**Aim of the task:**
After locating the line that contains "Custom Fitment:The floor", give that line and all the rest through the end of the entries again exactly, leaving the pictures out.

**Given data:**
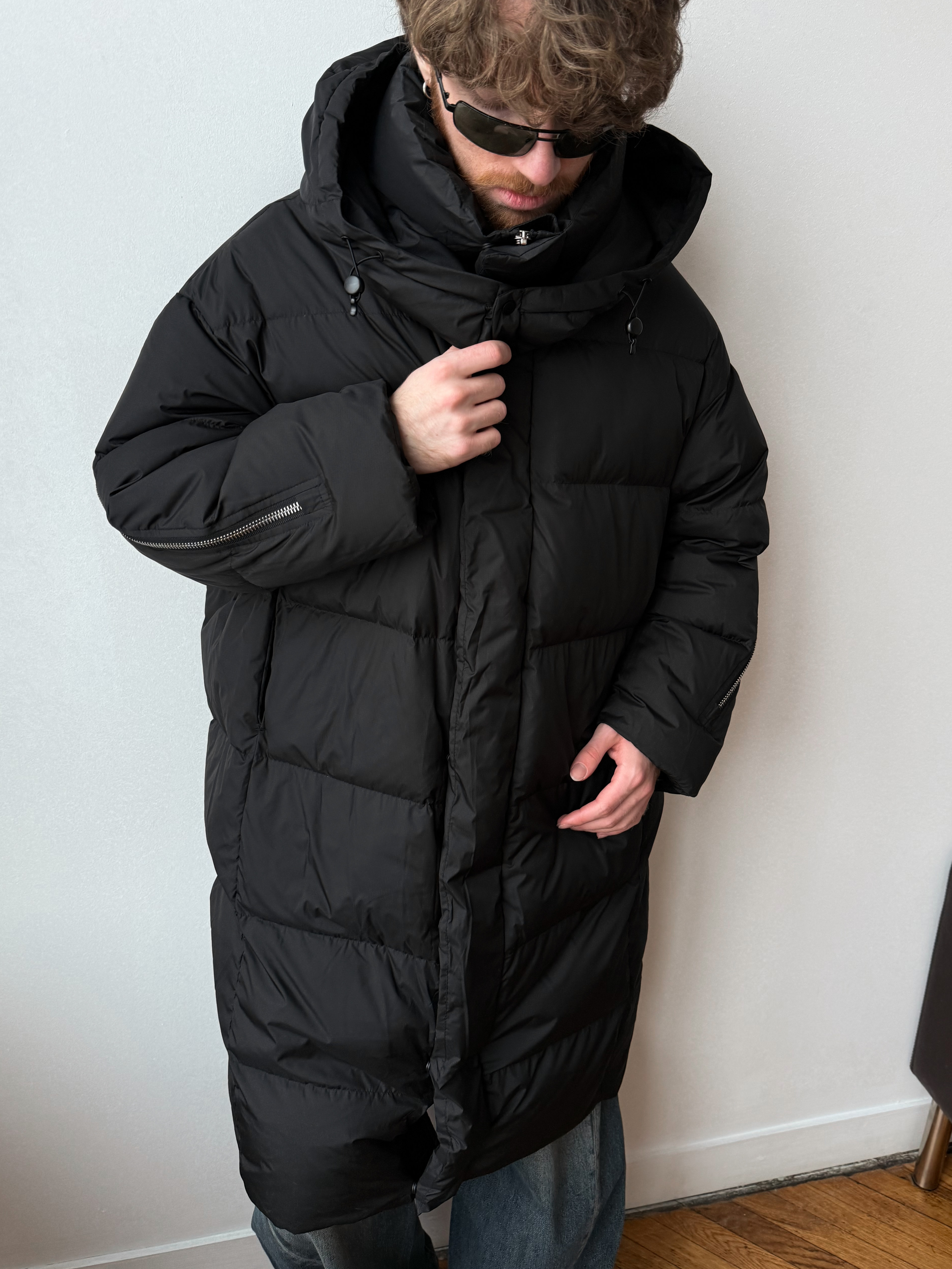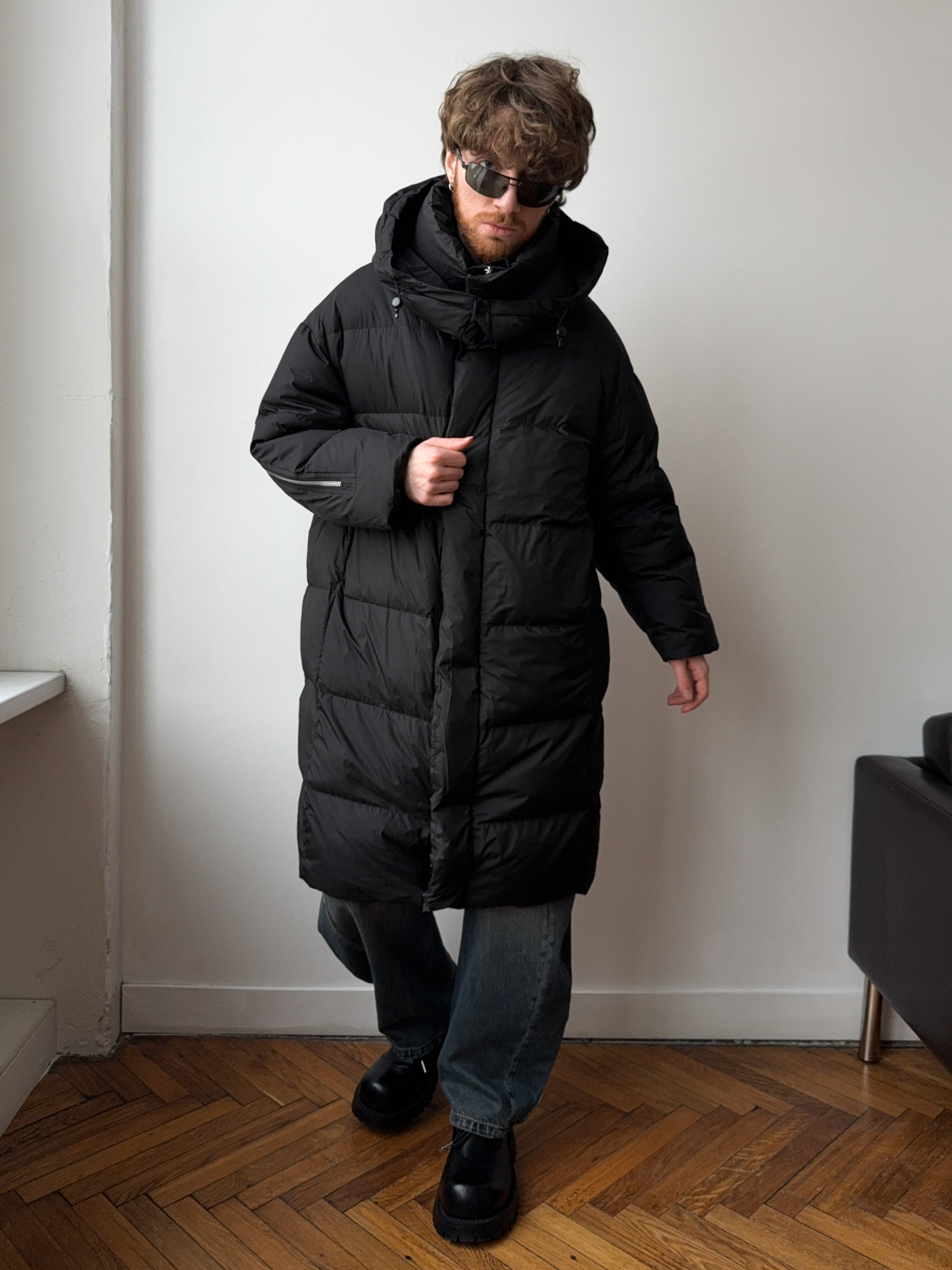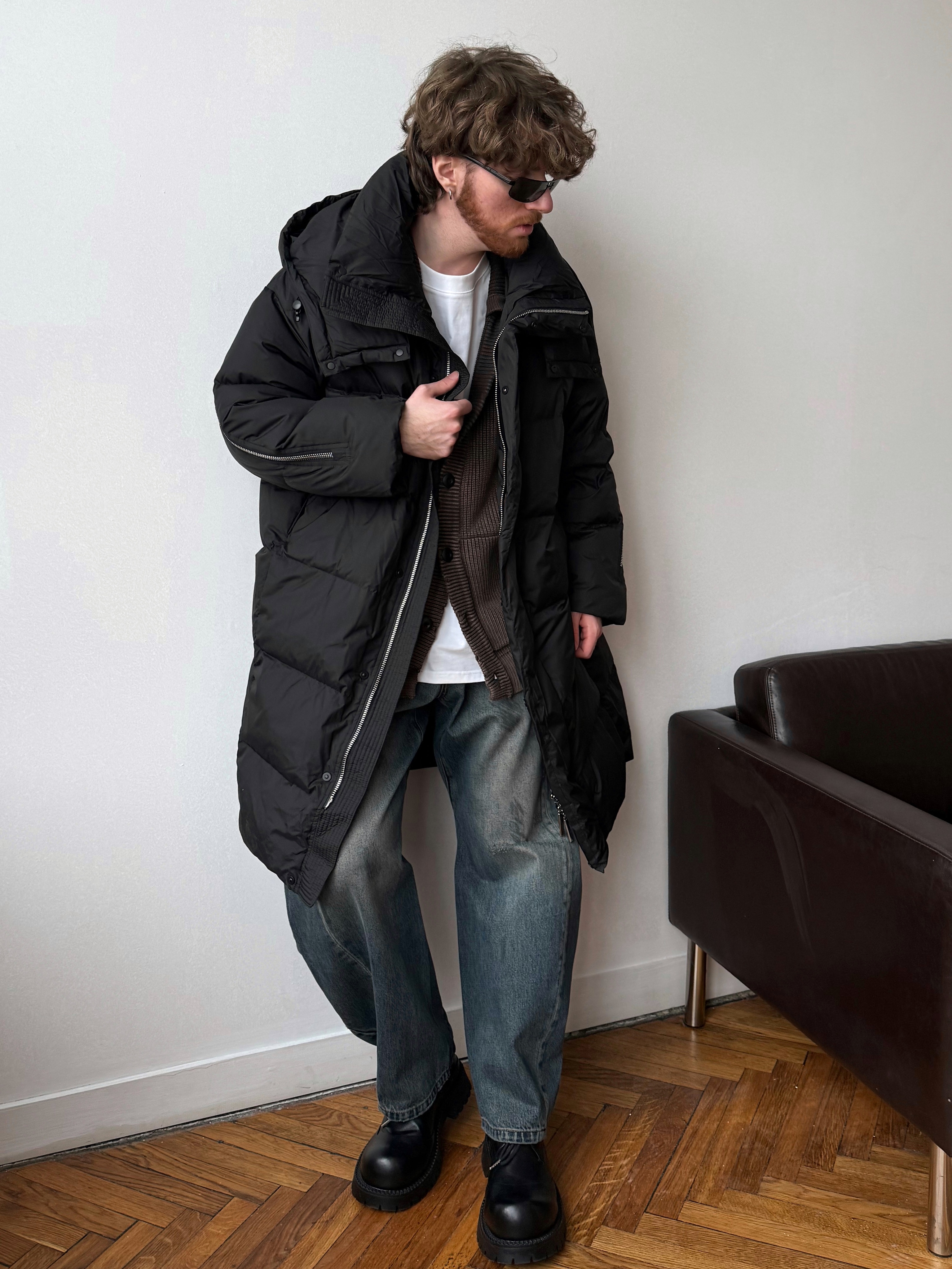 Удлиненная мужская куртка черного цвета. Модель с современным дизайном для создания стильного зимнего образа.
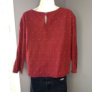 Very nice top by Tommy Hilfiger, size 4! Please see pic for flaw at hem. There's one spot where it should have a few stitches as shown.
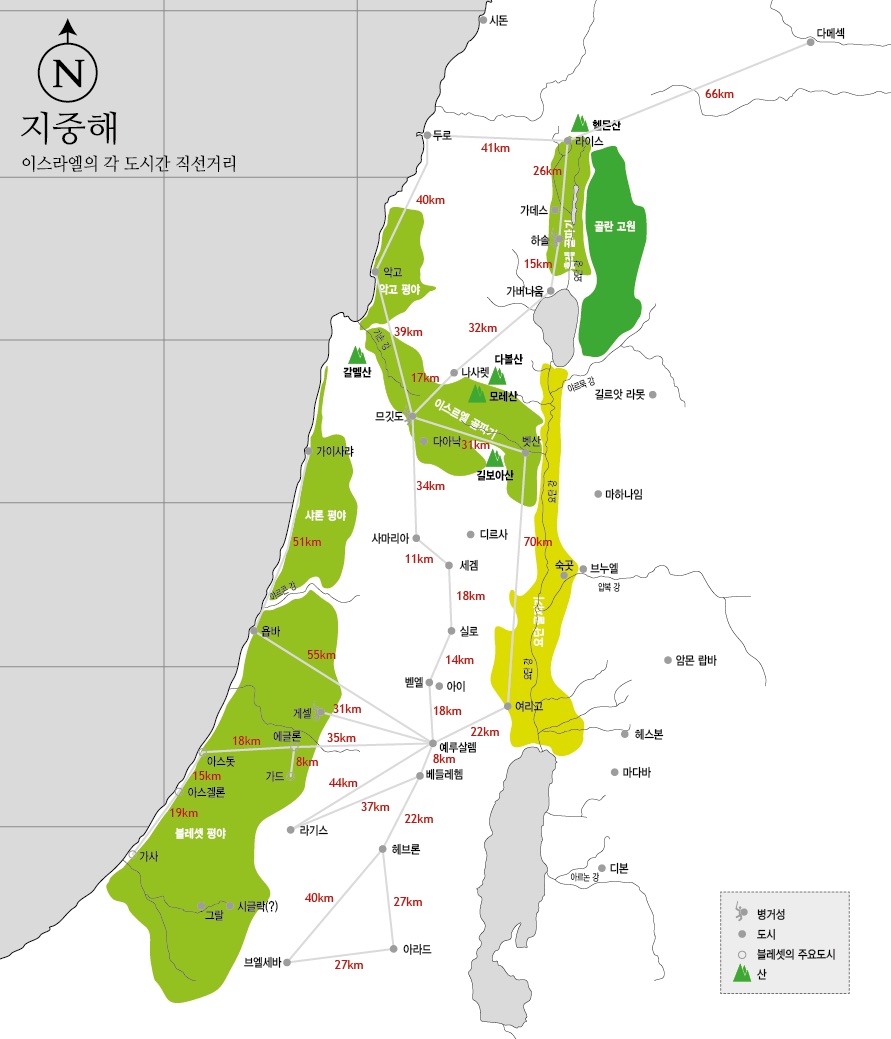 자주 질문 받는 것 중의 하나는 도시간의 거리가 얼마가 되냐는 것입니다. 도시와 도시를 연결하는 도로의 길이를 정확히 알지는 못하지만, 적어도 도시간의 직선거리를 알게 된다면, 성경에 나오는 그 수많은 사람들은 얼마의 거리를 걸어서 도시에서 도시로 이동했는지, 예수님께서는 얼마나 걸어다니셨는지 알 수 있을 것입니다.
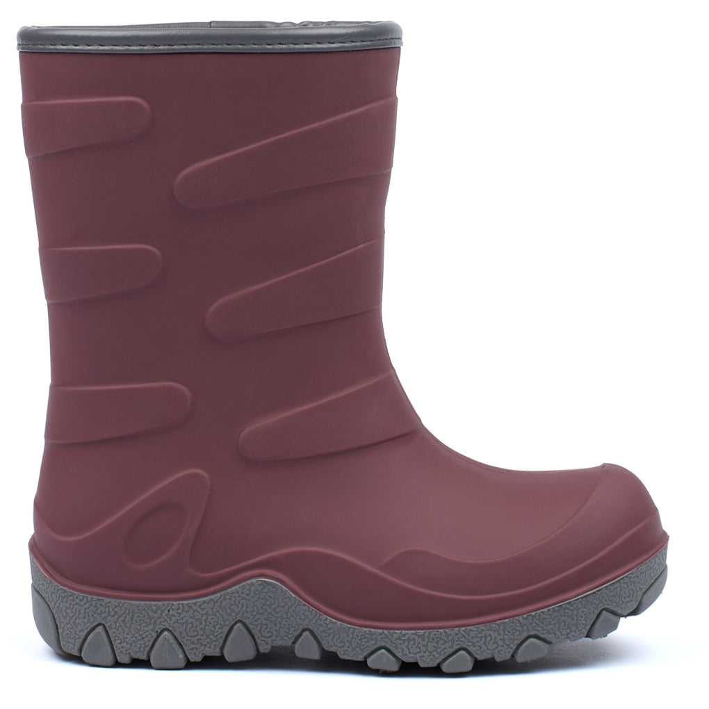 Solid coloured mikk-line thermal boots designed to provide exceptional insulation and guard against snow, slush, and rain. They will ensure the feet stay protected in cold and wet weather conditions. They are made in wear-resistant and waterproof natural rubber, and they are of course phthalates free.
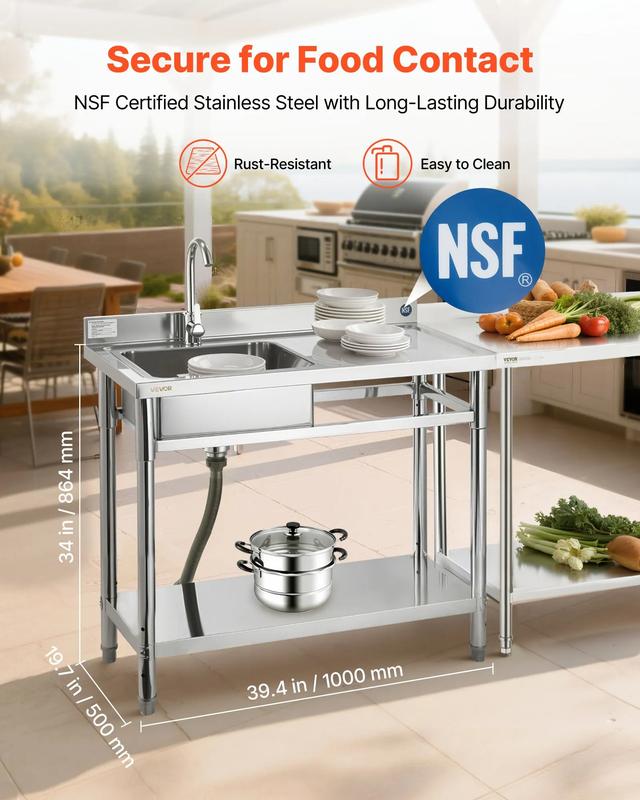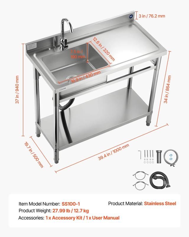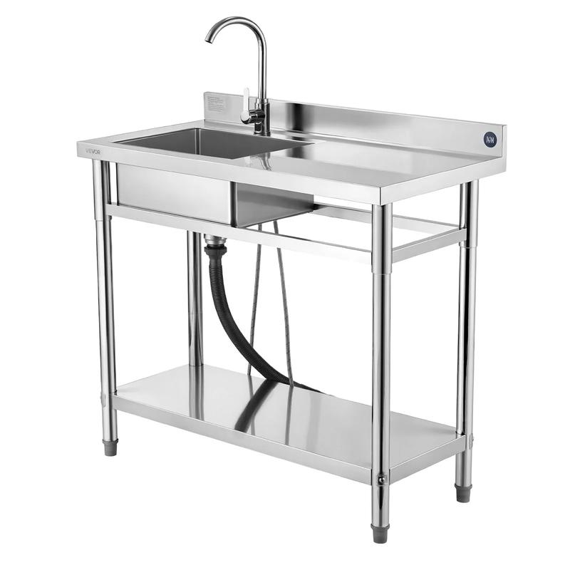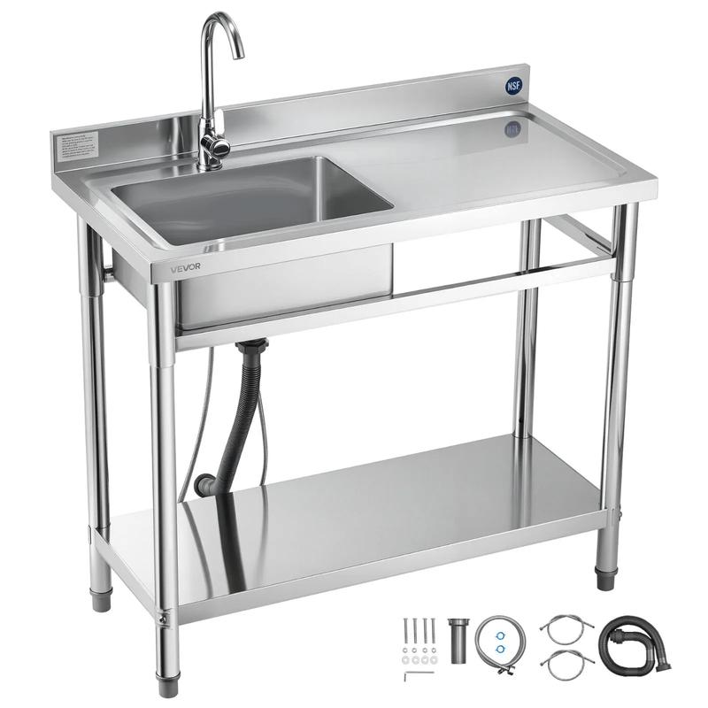 5. VEVOR Stainless Steel Utility Sink, Free Standing Single Bowl Commercial Kitchen Sink with Faucet, 39.4 x 19.7 x 37 in, Utility Right Basin with Hot & Cold Water Pipe for Garage, Restaurant, Laundry
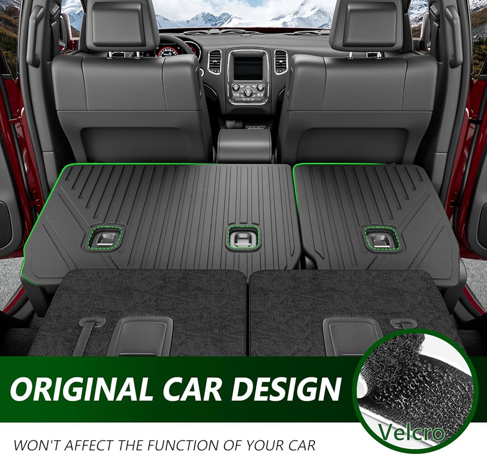 Custom Fitment:The floor mats and cargo mat and 3rd row backrest mat with rice grain are designed according to the original car model.They are compatible with 2016 2017 2018 2019 2020 2021 2022 2023 2024 Dodge Durango 6 seats.Please check the vehicle model thoroughly before making a purchase.
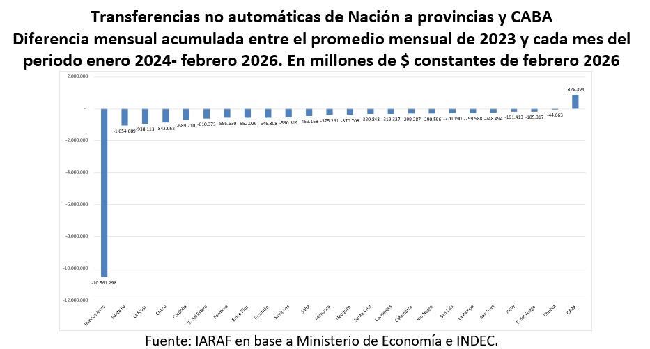 Sin embargo, la dimensión política del ajuste no puede ser soslayada. El Gobierno Nacional priorizó trasferencias discrecionales hacia la Ciudad Autónoma de Buenos Aires, que registró un incremento acumulado de $876.000 millones entre enero 2024 y febrero 2026, justificado por una medida cautelar de la Suprema Corte que obligó a elevar la coparticipación bonaerense del 1,4% al 2,95%. Mientras CABA ganaba, las veintidós jurisdicciones restantes perdían. La Rioja, gobernada por Ricardo Quintela desde una plataforma provincial de resistencia fiscal denominada «Federales Somos Todos», experimentó una reducción que pone en jaque la viabilidad de servicios provinciales ya fragilizados.
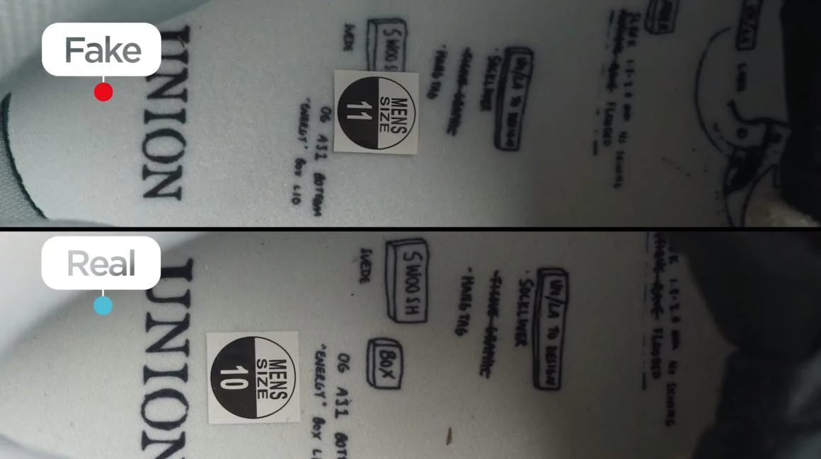 Phông chữ cũng rất rõ ràng và bắt đầu ngay sau phần đầu của bọt trên lưỡi, giống như mọi chiếc Jordan 1. Tuy nhiên, khi nhìn vào những chiếc Union 1 giả, sự khác biệt rất rõ ràng. Bạn có thể thấy rằng văn bản trên thẻ lưỡi bắt đầu quá sớm, chạm tới bọt và làm vỡ bọt. Chữ trên Jordan 1 Unions giả rất mờ và không dễ đọc. Thêm vào đó, màu thẻ lưỡi quá tối. Mặc dù đây có thể là những chi tiết nhỏ đối với một số người, nhưng chúng tạo ra sự khác biệt rất lớn trong việc xác định tính xác thực.

**Finished exercise:**
 Custom Fitment:The floor mats and cargo mat and 3rd row backrest mat with rice grain are designed according to the original car model.They are compatible with 2016 2017 2018 2019 2020 2021 2022 2023 2024 Dodge Durango 6 seats.Please check the vehicle model thoroughly before making a purchase.
 Sin embargo, la dimensión política del ajuste no puede ser soslayada. El Gobierno Nacional priorizó trasferencias discrecionales hacia la Ciudad Autónoma de Buenos Aires, que registró un incremento acumulado de $876.000 millones entre enero 2024 y febrero 2026, justificado por una medida cautelar de la Suprema Corte que obligó a elevar la coparticipación bonaerense del 1,4% al 2,95%. Mientras CABA ganaba, las veintidós jurisdicciones restantes perdían. La Rioja, gobernada por Ricardo Quintela desde una plataforma provincial de resistencia fiscal denominada «Federales Somos Todos», experimentó una reducción que pone en jaque la viabilidad de servicios provinciales ya fragilizados.
 Phông chữ cũng rất rõ ràng và bắt đầu ngay sau phần đầu của bọt trên lưỡi, giống như mọi chiếc Jordan 1. Tuy nhiên, khi nhìn vào những chiếc Union 1 giả, sự khác biệt rất rõ ràng. Bạn có thể thấy rằng văn bản trên thẻ lưỡi bắt đầu quá sớm, chạm tới bọt và làm vỡ bọt. Chữ trên Jordan 1 Unions giả rất mờ và không dễ đọc. Thêm vào đó, màu thẻ lưỡi quá tối. Mặc dù đây có thể là những chi tiết nhỏ đối với một số người, nhưng chúng tạo ra sự khác biệt rất lớn trong việc xác định tính xác thực.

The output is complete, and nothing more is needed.